I had just run off a couple of Statspack reports and was looking at an SQL statement that was at the top of the ‘SQL ordered by Gets’ section of the report, when it had never previously been on the report at all when the application owner called me to complain that the users were apparently seeing lots of locking on the system, and an online task that used to take a couple of seconds was frequently taking three or four minutes, and anything up to 15 minutes.

So here’s a quick and dirty script I ran to check if there were any blocking lockers – restricted only to transaction locks (type TX).

break on blocker skip 1 on block_time         

select
        l1.sid blocker, l1.ctime block_time,
        l2.sid waiter,  l2.ctime wait_time
from
	(
        select
                /*+ no_merge */
                sid, type, id1, id2, lmode, request, block, ctime
        from
                v$lock
        where
                type in ('TX')
	)       l1,
	(
        select
                /*+ no_merge */
                sid, type, id1, id2, lmode, request, block, ctime
        from
                v$lock
        where
                type in ('TX')
	)       l2
where
        l1.block	 = 1
and     l2.id1		 = l1.id1
and     l2.id2		 = l1.id2
and     l2.sid		!= l1.sid
order by
        l1.sid, l2.sid
;

This produced the following type of output – which persisted for many seconds before changing to show another session as the blocker or a few more sessions becoming waiters.

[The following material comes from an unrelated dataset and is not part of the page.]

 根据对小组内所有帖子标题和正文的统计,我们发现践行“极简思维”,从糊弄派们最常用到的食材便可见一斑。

   BLOCKER BLOCK_TIME     WAITER  WAIT_TIME
---------- ---------- ---------- ----------
       379         17        307         13
                             353         17
                             474         13

Given the amount of time spent by the waiters (that’s the nice thing about locking problems, they’re often very slow moving), I was able to run the following queries to see what was going on:

SQL> select sql_id from v$session where sid = 379;        

SQL_ID
-------------
dr6uztacr84z8        

SQL> select sql_id from v$session where sid in (307,353,474);         

SQL_ID
-------------
0m9jzuyw7q594
0m9jzuyw7q594
0m9jzuyw7q594

A quick query against v$sql reported the following query for the waiters. Note the ‘for update’ in particular, they were all waiting for the same row in a summary table:

select	columnX
from	tableY
where	ID = 'A0001'
for update

Of course, the real oddity was that prior to the upgrade no-one had complained about locking. The application code had not been changed, so why could they possibly be running into a locking issue after the upgrade.

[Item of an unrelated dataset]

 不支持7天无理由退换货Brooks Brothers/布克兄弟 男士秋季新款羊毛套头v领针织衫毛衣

I ran the following query to check what the blocker was up to.

select
        executions, disk_reads, buffer_gets, sorts, rows_processed,
        round(cpu_time/1000000,2) cpu,  round(elapsed_time/1000000,2) ela,
        round(cpu_time/(executions * 1000000),2) cpu_per,
        round(elapsed_time/(executions * 1000000),2) ela_per,
        sql_text
from
        v$sql
where
        sql_id = 'dr6uztacr84z8'
;         

EXECUTIONS DISK_READS BUFFER_GETS      SORTS ROWS_PROCESSED        CPU        ELA    CPU_PER    ELA_PER
---------- ---------- ----------- ---------- -------------- ---------- ---------- ---------- ----------
SQL_TEXT
--------------------------------------------------------------------------------
       356    1973608  2528529790          0             88    28753.1   28759.14      80.77      80.78
SELECT /*+ {hints} */ FROM {list of tables}
WHERE
	{complex mix of conditions}
AND EXISTS (
	{single table subquery}
)
and rownum = 1
;

I was just slightly amused to see that this query was exactly the query that I had been looking at in the moments before the call came.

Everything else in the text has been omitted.